Foi numa destas tardes de outono, que me dei a percorrer as ruas da Alta como quem quebra a rotina por uns instantes. Trepar a colina desta cidade é como quem escala uma montanha robusta e mítica, coroada pelos mais altos símbolos da cultura e do conhecimento. Quem sobe a Couraça de Lisboa jamais consegue passar indiferente ao que dali a vista alcança. Assiste-se daquela íngreme ladeira a uma paisagem talhada pela natureza e pelo Homem, traços de um casario antigo, forjado entre uma arquitetura contemporânea que em Coimbra se encaixa singularmente entre as paredes dos conventos, pois Coimbra é terra de Mosteiros, onde se semearam as primeiras sementes da pedagogia que deram o fruto intelectual de que hoje esta terra se conhece. As ruas cruzam-se em vielas carregadas de memórias, culminando estes fragmentos do tempo numa barca cheia de lendas que atracou para sempre nas margens do Mondego, águas que passeiam os pés desta Musa a quem os salgueiros fazem vénia vergando-se de saudade. Prosseguindo esta rua calcetada a calhau rolado, que com azar nos faz escorregar, vão-se escondendo do olhar as serranias que moldam o horizonte viçoso do nascente assim como as planuras do Baixo Mondego que se estendem até ao mar.

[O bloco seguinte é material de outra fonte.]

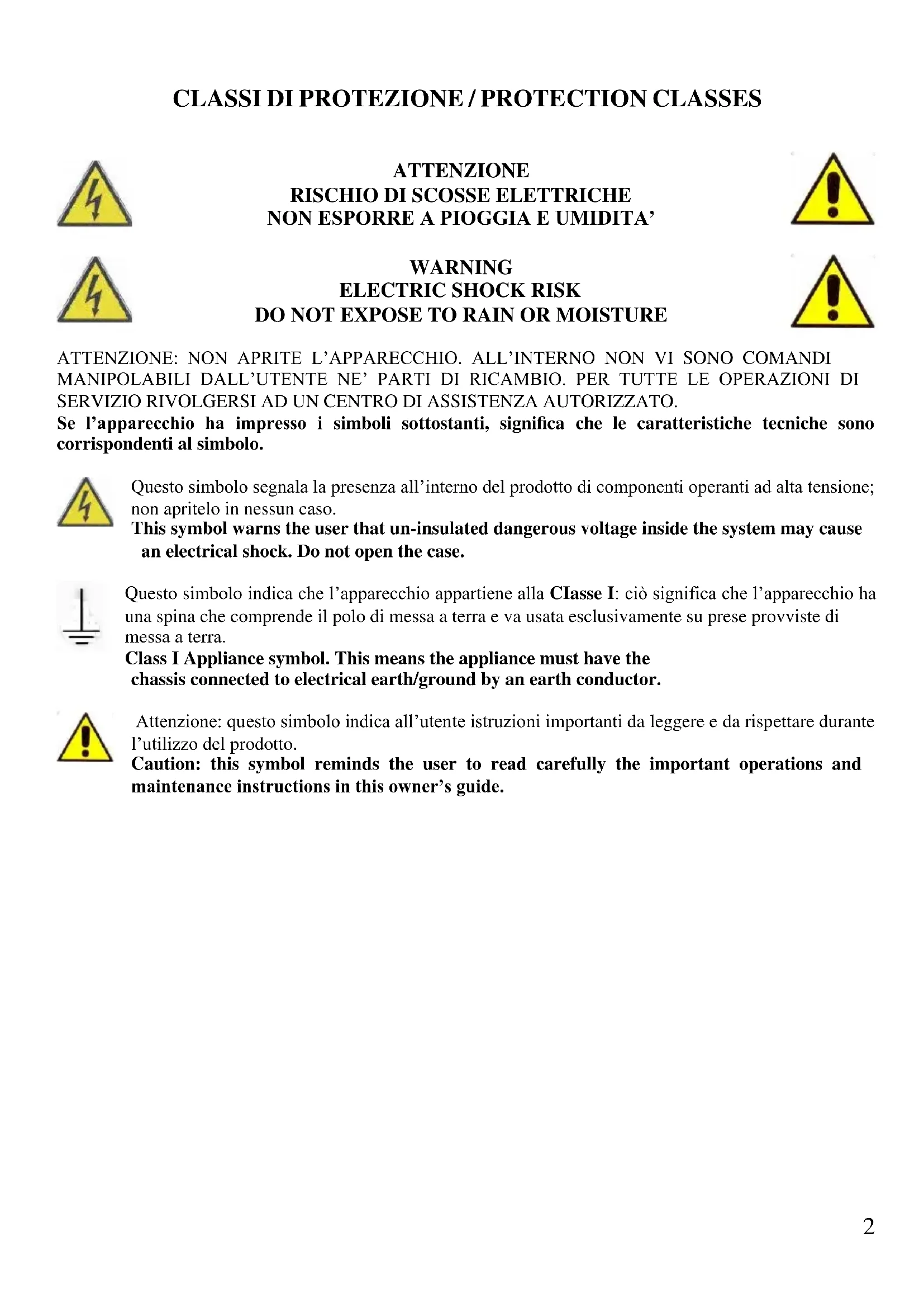 DO NOT EXPOSE TO RAIN OR MOISTURE ATTENZIONE: NON APRITE L’APPARECCHIO. ALL’INTERNO NON VI SONO COMANDI MANIPOLABILI DALL’UTENTE NE’ PARTI DI RICAMBIO. PER TUTTE LE OPERAZIONI DI SERVIZIO RIVOLGERSI AD UN CENTRO DI ASSISTENZA AUTORIZZATO. Se l’apparecchio ha impresso i simboli sottostanti, significa che le caratteristiche tecniche sono corrispondenti al simbolo. Questo simbolo segnala la presenza all’interno del prodotto di componenti operanti ad alta tensione; non apritelo in nessun caso. This symbol warns the user that un-insulated dangerous voltage inside the system may cause an electrical shock. Do not open the case. Questo simbolo indica che l’apparecchio appartiene alla CIasse I: ciò significa che l’apparecchio ha una spina che comprende il polo di messa a terra e va usata esclusivamente su prese provviste di messa a terra. Class I Appliance symbol. This means the appliance must have the chassis connected to electrical earth/ground by an earth conductor. Attenzione: questo simbolo indica all’utente istruzioni importanti da leggere e da rispettare durante l’utilizzo del prodotto. Caution: this symbol reminds the user to read carefully the important operations and maintenance instructions in this owner’s guide.3

A Cabra parece que me ia chamando com o seu badalar solto e timbroso. Chegado ao largo da Porta Férrea, nem sei se eram mais turistas que estudantes. Esta Atenas velha e soluçante de emoções continua a ser o ponto de atração de um Portugal mais rural que urbano, fincando por vezes esse lado rural longe destes visitantes dos quatro cantos do mundo, mesmo estando por perto. Tratados os assuntos que aqui me traziam, desci ao Jardim Botânico onde Brotero saúda no seu trono que vai escurecendo com as feições do tempo. As folhas vão forrando o chão deste nobre jardim, onde as mais variadas espécies caducas se vão libertando daquele castanho cru, tonalidades de uma estação em que o vento e a chuva atenuam o coro salutante das aves.
Foi neste ambiente magistral que me deparei em pleno jardim com uma exposição de imagens magnificamente expostas, “Douro – Exposição de Arte Pública”. Num conjunto de módulos iluminados ali se apresentava na cidade do Mondego uma sentida obra fotográfica, reflexo de costumes e paisagens, artes e rostos de um povo que talhou a região do Douro de escadas erguidas ao céu, como que elevando no viso dos montes um cálice de vinho, “fruto das videiras e do trabalho do Homem”. Poder assistir àquelas imagens foi sem dúvida encontrar as margens de dois rios distantes, mas tão próximos na sua cultura de portugueses que são. Além dos tantos filhos da região Duriense que estudaram e partiram, outros que vieram e permanecem em Coimbra, referir nomes como Miguel Torga, Trindade Coelho, entre tantos outros é elencar a ligação de pessoas que por muitos anos tiveram o corpo às margens do Mondego, mas de alma sempre afincada ao Douro que os viu desde a meninice.
Se “todas as águas se encontram no mar”, o Douro já terá fundido o seu mosto com as águas do Mondego, angustiadas de amores e frias de neve.